** Opening Data for processing block **
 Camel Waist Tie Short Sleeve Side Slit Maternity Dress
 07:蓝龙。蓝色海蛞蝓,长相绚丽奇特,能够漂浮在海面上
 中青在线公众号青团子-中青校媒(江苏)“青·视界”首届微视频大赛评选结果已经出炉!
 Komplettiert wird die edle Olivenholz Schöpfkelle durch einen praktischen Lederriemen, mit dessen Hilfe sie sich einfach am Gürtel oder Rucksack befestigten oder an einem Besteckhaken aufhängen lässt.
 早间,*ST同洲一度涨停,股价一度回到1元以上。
** Closing Data for processing block **
** Opening Data for processing block **
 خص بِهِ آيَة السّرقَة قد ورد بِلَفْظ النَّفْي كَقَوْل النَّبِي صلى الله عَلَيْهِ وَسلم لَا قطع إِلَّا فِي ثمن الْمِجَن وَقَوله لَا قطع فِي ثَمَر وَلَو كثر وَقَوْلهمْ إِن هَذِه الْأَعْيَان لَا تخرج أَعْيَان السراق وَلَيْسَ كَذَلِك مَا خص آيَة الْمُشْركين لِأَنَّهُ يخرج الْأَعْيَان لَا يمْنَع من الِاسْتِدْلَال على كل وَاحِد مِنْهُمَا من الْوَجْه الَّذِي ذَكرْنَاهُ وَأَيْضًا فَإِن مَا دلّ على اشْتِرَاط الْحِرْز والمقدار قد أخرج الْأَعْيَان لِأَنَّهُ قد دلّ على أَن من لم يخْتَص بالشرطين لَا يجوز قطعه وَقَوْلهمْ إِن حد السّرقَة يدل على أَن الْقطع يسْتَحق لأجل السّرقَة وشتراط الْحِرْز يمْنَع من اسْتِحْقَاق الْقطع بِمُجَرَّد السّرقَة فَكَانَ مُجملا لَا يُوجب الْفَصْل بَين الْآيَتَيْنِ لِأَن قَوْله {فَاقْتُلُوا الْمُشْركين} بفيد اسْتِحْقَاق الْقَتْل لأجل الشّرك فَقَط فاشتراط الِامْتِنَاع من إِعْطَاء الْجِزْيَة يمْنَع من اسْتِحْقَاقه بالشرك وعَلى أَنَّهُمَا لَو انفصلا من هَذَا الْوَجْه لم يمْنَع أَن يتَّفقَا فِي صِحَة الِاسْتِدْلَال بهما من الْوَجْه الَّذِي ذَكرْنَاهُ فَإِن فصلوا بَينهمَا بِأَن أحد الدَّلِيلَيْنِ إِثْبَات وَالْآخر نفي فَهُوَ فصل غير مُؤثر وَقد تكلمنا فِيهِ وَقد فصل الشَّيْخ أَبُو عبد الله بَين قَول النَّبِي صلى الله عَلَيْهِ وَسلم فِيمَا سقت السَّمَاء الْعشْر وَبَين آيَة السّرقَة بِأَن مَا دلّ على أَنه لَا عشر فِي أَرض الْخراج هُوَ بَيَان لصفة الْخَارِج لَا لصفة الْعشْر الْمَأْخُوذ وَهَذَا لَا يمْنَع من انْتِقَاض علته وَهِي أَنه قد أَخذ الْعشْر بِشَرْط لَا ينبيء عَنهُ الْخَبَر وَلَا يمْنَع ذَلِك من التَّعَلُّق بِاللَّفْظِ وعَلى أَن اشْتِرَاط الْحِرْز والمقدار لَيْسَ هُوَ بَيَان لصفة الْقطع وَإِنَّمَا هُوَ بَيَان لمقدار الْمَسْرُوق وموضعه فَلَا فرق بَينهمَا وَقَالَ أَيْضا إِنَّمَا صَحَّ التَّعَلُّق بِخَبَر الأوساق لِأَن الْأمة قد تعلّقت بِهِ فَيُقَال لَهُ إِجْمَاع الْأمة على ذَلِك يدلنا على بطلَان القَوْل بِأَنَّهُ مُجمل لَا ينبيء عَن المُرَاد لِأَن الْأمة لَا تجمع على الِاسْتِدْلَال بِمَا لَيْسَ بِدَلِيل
** Closing Data for processing block **
▶ [What you are asked to do]: Only the lines above from the one with "07:蓝龙。蓝色海蛞蝓,长相绚丽奇特,能够漂浮在海面上" up to and including the one with "Komplettiert wird die" should be repeated, exactly as written.

▶ [Finished exercise]:
 07:蓝龙。蓝色海蛞蝓,长相绚丽奇特,能够漂浮在海面上
 中青在线公众号青团子-中青校媒(江苏)“青·视界”首届微视频大赛评选结果已经出炉!
 Komplettiert wird die edle Olivenholz Schöpfkelle durch einen praktischen Lederriemen, mit dessen Hilfe sie sich einfach am Gürtel oder Rucksack befestigten oder an einem Besteckhaken aufhängen lässt.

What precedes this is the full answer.